Leeds boss Bielsa admits spy storm ahead of Derby clash was HIS idea

Leeds United manager Marcelo Bielsa astonishingly admitted to spying on Friday night ahead of their game against Derby County.

The Football Association have launched an investigation into the furore that overshadowed Friday’s Championship clash.

Sportsmail were first to reveal how Derby boss Frank Lampard was forced to halt training by police on Thursday amid dramatic scenes at the club’s HQ, where a mystery man was caught acting suspiciously outside their training ground. 

Sportsmail then broke the news on Friday morning that the suspect – and a car in question – was traced back to Leeds United.

Before the clash, Bielsa held his hands up, telling Sky Sports: ‘It’s true there was someone from Leeds United. The responsible of this incident is me. It doesn’t matter if this is illegal or legal but it is right or wrong.

‘For me it’s enough that Frank Lampard and Derby County felt it was not the right thing to do and that I didn’t behave well.

‘I talked to Lampard and he told me that I didn’t respect the fair play rules. I have a different point of view on it but the important thing is what Lampard and Derby think.

‘I am the only one responsible for it because I didn’t ask the club Leeds permission to do that. 

‘Without trying to find a justification, I have been using this kind of practice since the qualifications for the World Cup with Argentina.

‘This is not illegal, we have been doing it publicly, we talk about it in the press, for some people it is the wrong thing to do but for other people it is not the wrong thing to do.’

He added after the game, a 2-0 win for the hosts: ‘It’s not that I don’t understand the situation, if for the English football this is unacceptable behaviour I have to accept it because I work here. 

‘And for me it is hard to accept the fact I had the unacceptable behaviour, knowing that it was like that in this country. 

‘I have to accept the fact that in this country it is something that is not common but it doesn’t make me a person who cheats.’ 

There were further accusations as it emerged that Leeds may have tried something similar in the reverse fixture earlier this season.

‘We had someone the day before we lost 4-1 against them.
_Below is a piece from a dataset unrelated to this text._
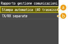 Selezionare <On> per stampare separatamente i rapporti di invio e ricezione o <Off> per stampare entrambi i rapporti su un solo foglio.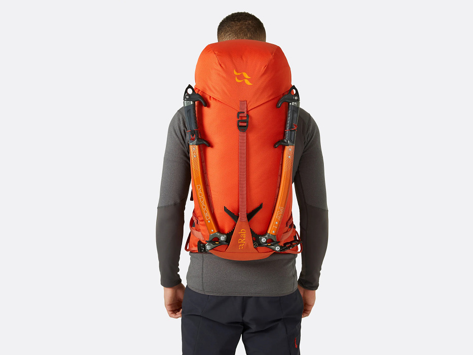 Ve stěně se každý problém násobí. Všechno, co by se mohlo pokazit, je jenom na obtíž. Důležitá je jednoduchost. A odolnost. Proto je tento batoh od Rabu stavěný tak, že o něm po většinu času nebudeš vědět. Sedí perfektně – jako by k tobě odjakživa patřil. Silnější recyklovaná tkanina po stranách vydrží to nejostřejší zacházení a lehčí (ale pořád odolný) materiál na čele pomáhá srazit hmotnost na minimum. Hlavní kovovou přezku a stahování horního vstupu můžeš ovládat i v silných mrazech – a v silných rukavicích. Samozřejmě na batoh upneš cepíny nebo také lyže. A víc už není potřeba. Kudrlinky navíc by tě jen brzdily.

Now, Leeds can beat you 4-1 – they are a fantastic team – but we had someone in the bushes that day, so twice this season now,’ said Derby boss Lampard.

‘The man was asked to leave but it wasn’t followed up like it was this time. It’s good (that Bielsa has admitted it), I spoke to him yesterday afternoon myself and he did the same to me so I’m pleased he’s done it again and said that.

‘I think it makes it easier to deal with because at least, on a sportsmans’ level, it’s bad in my opinion.’ 

Earlier in the day, the FA confirmed they have opened an inquiry into the matter after the incident was reported to Wembley chiefs.

An FA spokesperson said: ‘We are aware of the incident at Derby County’s training ground and we will be investigating the matter.’ 

It is understood the suspect was in possession of a pair of binoculars and a change of clothes – but police confirmed in a statement he was not arrested over the matter.

Derby held high level talks with Leeds on Friday about the issue, but the Rams have not reported it to the EFL, Lampard confirming that Bielsa’s admission would suffice. The EFL, though, could still look to take action against Leeds.

However, there is no spying-related rule in the EFL handbook so it’s unclear what punishment, if any, Leeds could face.

However there is a law stipulating clubs must act ‘utmost good faith’ towards each other – a stipulation Leeds could be in breach of.

In 2014, Crystal Palace were fined after being accused of breaking the rule after it was alleged that they obtained team information before a Premier League game against Cardiff.